> [The data]:
Segment Open

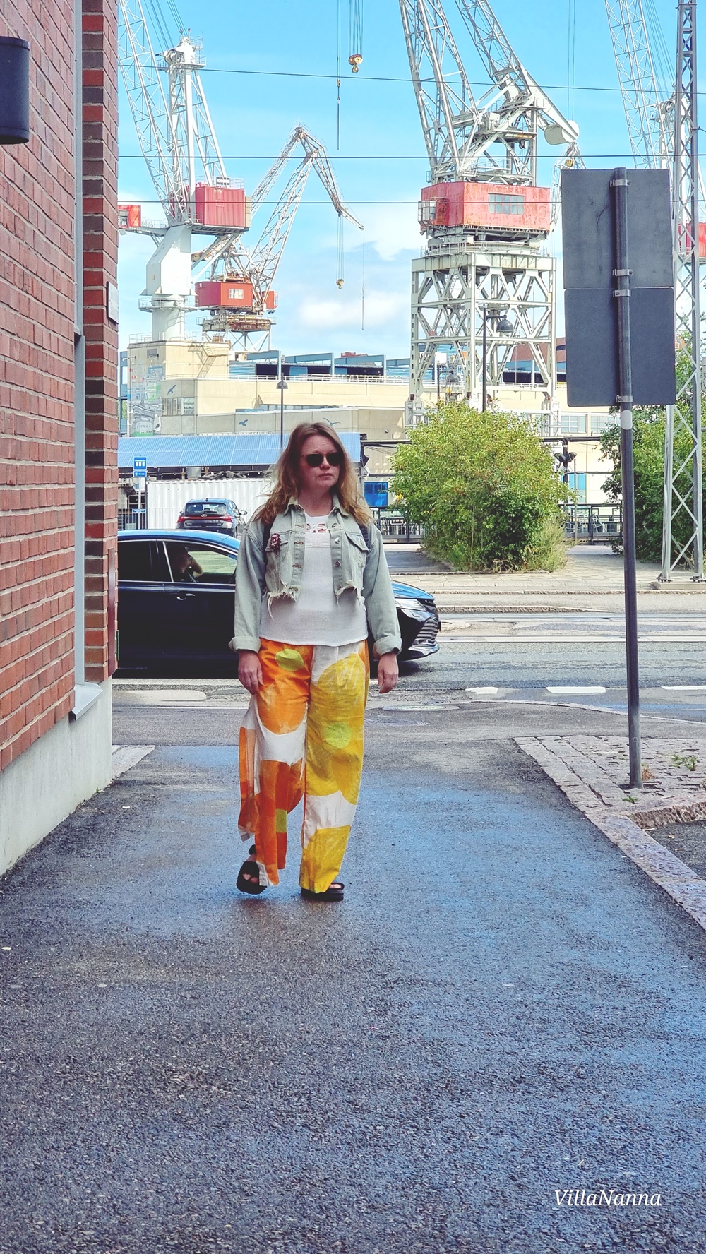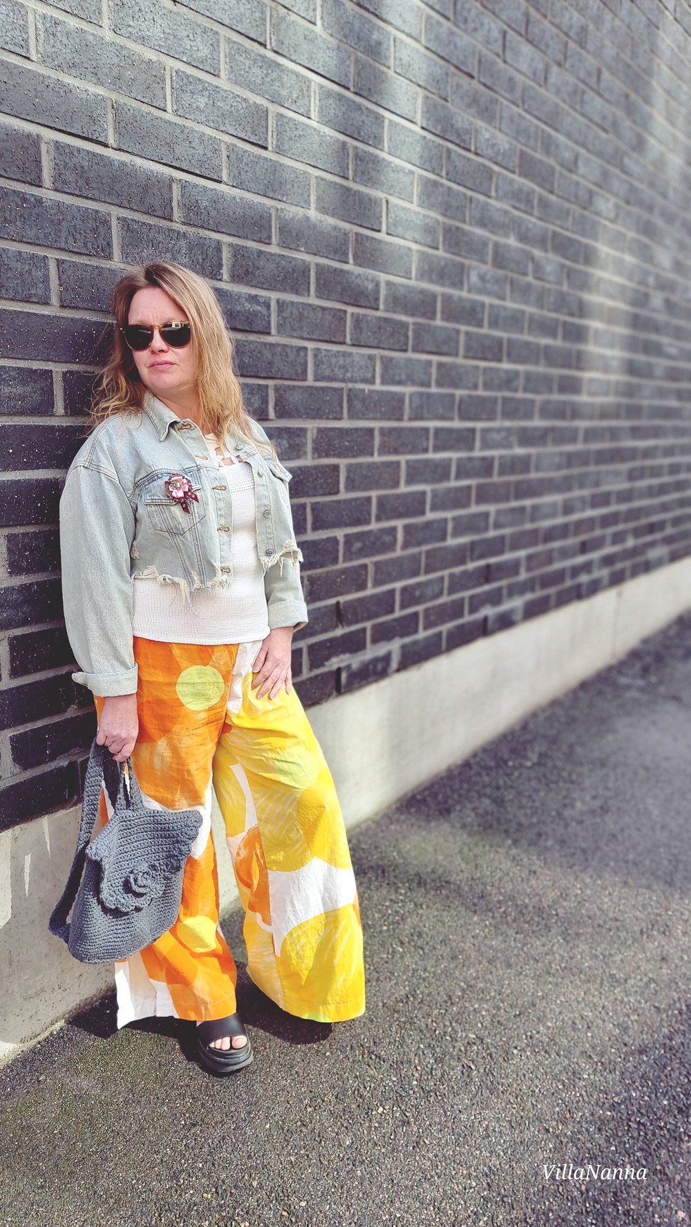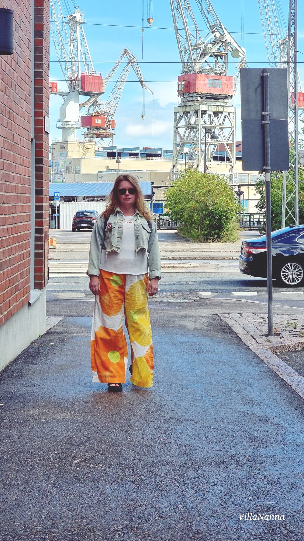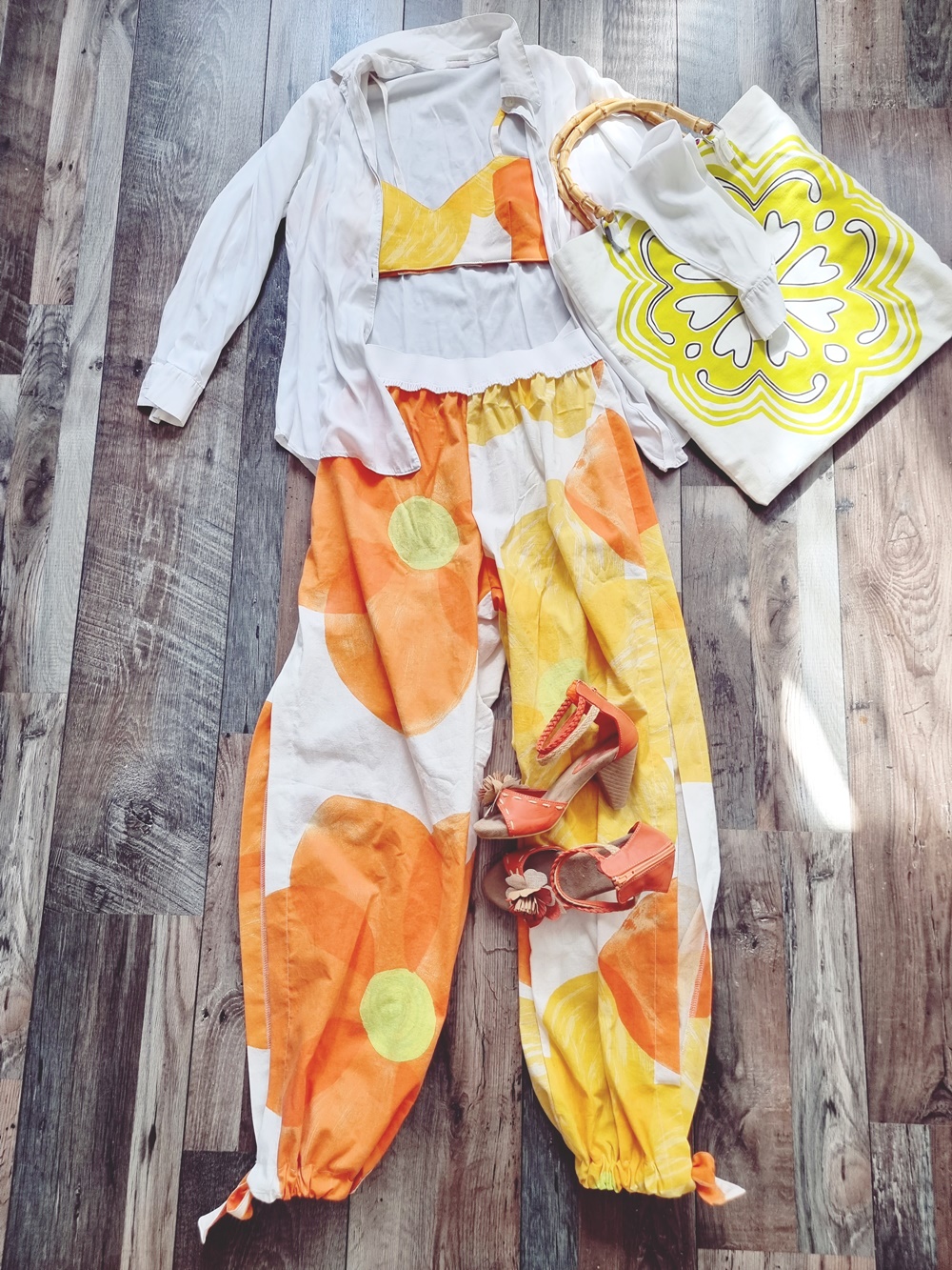 Verhokangas on ihanan raikas ja aurinkoinen. Nämä housut jalassa saa tosiaan energiaa. Housujen lisäksi olen ommellut sopivan bikiniyläosan, muistaakseni Burdan bikinikaavalla. Housujen lahkeissa on korkeat halkiot ja halutessaan voi lahkeensuut kiristää narulla pussiksi. Olen käyttänyt housuja siis myös niin. Alunperin oli tarkoitus kuvata tämä asu meidän road trip reissulla vuonna 2022, mutta kuvattavaa oli niin valtavasti, ettei lopulta kaikkea saanut tehtyä. Sen jälkeen housut ovat olleet paljon jalassa, mutta kuvat ovat olleet vähissä.
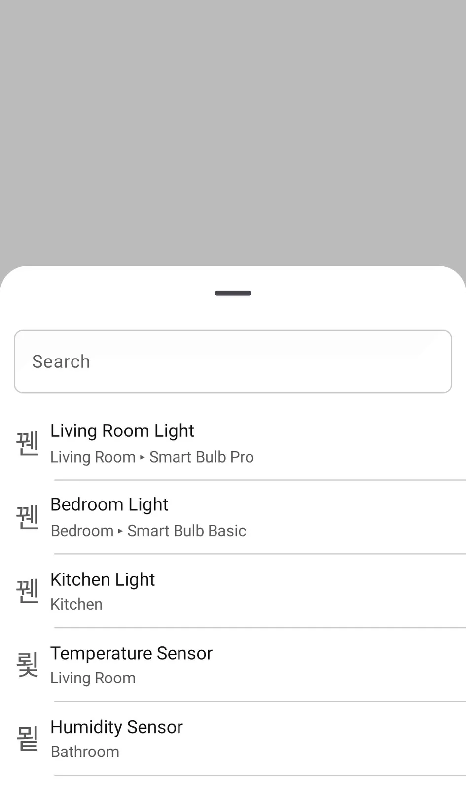 Home Assistant har också lagt till en ny enhetsväljare i sin Android app med version 2026.1 (se skärmdump nedan). Återigen är denna funktionalitet redan tillgänglig för iOS-användare, som anländer i version 2026.1. Detta har lagt till nya filter för ID, namn och område för att förbättra användarupplevelsen.
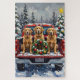 Bring happy, loving charm to your holiday season with this adorable Golden Retriever Christmas design! This festive scene features three friendly, golden-coated Golden Retrievers sitting contentedly in the back of a classic red pickup truck, nestled in a picturesque snowy winter forest. The vintage truck is adorned with a vibrant Christmas wreath, twinkling with red and gold ornaments and warm, glowing lights. Soft snowflakes gently fall, enhancing the winter wonderland effect. A decorated Christmas tree in the background completes this heartwarming picture, making it an ideal Christmas gift for any Golden Retriever owner, dog lover, or admirer of festive and beloved dog art. This design perfectly captures the joyful spirit of the holidays.

Segment Closed

> [What is required]: All of the material above is to be retyped exactly, with no pictures included.

> [Solution to this problem]:
 Verhokangas on ihanan raikas ja aurinkoinen. Nämä housut jalassa saa tosiaan energiaa. Housujen lisäksi olen ommellut sopivan bikiniyläosan, muistaakseni Burdan bikinikaavalla. Housujen lahkeissa on korkeat halkiot ja halutessaan voi lahkeensuut kiristää narulla pussiksi. Olen käyttänyt housuja siis myös niin. Alunperin oli tarkoitus kuvata tämä asu meidän road trip reissulla vuonna 2022, mutta kuvattavaa oli niin valtavasti, ettei lopulta kaikkea saanut tehtyä. Sen jälkeen housut ovat olleet paljon jalassa, mutta kuvat ovat olleet vähissä.
 Home Assistant har också lagt till en ny enhetsväljare i sin Android app med version 2026.1 (se skärmdump nedan). Återigen är denna funktionalitet redan tillgänglig för iOS-användare, som anländer i version 2026.1. Detta har lagt till nya filter för ID, namn och område för att förbättra användarupplevelsen.
 Bring happy, loving charm to your holiday season with this adorable Golden Retriever Christmas design! This festive scene features three friendly, golden-coated Golden Retrievers sitting contentedly in the back of a classic red pickup truck, nestled in a picturesque snowy winter forest. The vintage truck is adorned with a vibrant Christmas wreath, twinkling with red and gold ornaments and warm, glowing lights. Soft snowflakes gently fall, enhancing the winter wonderland effect. A decorated Christmas tree in the background completes this heartwarming picture, making it an ideal Christmas gift for any Golden Retriever owner, dog lover, or admirer of festive and beloved dog art. This design perfectly captures the joyful spirit of the holidays.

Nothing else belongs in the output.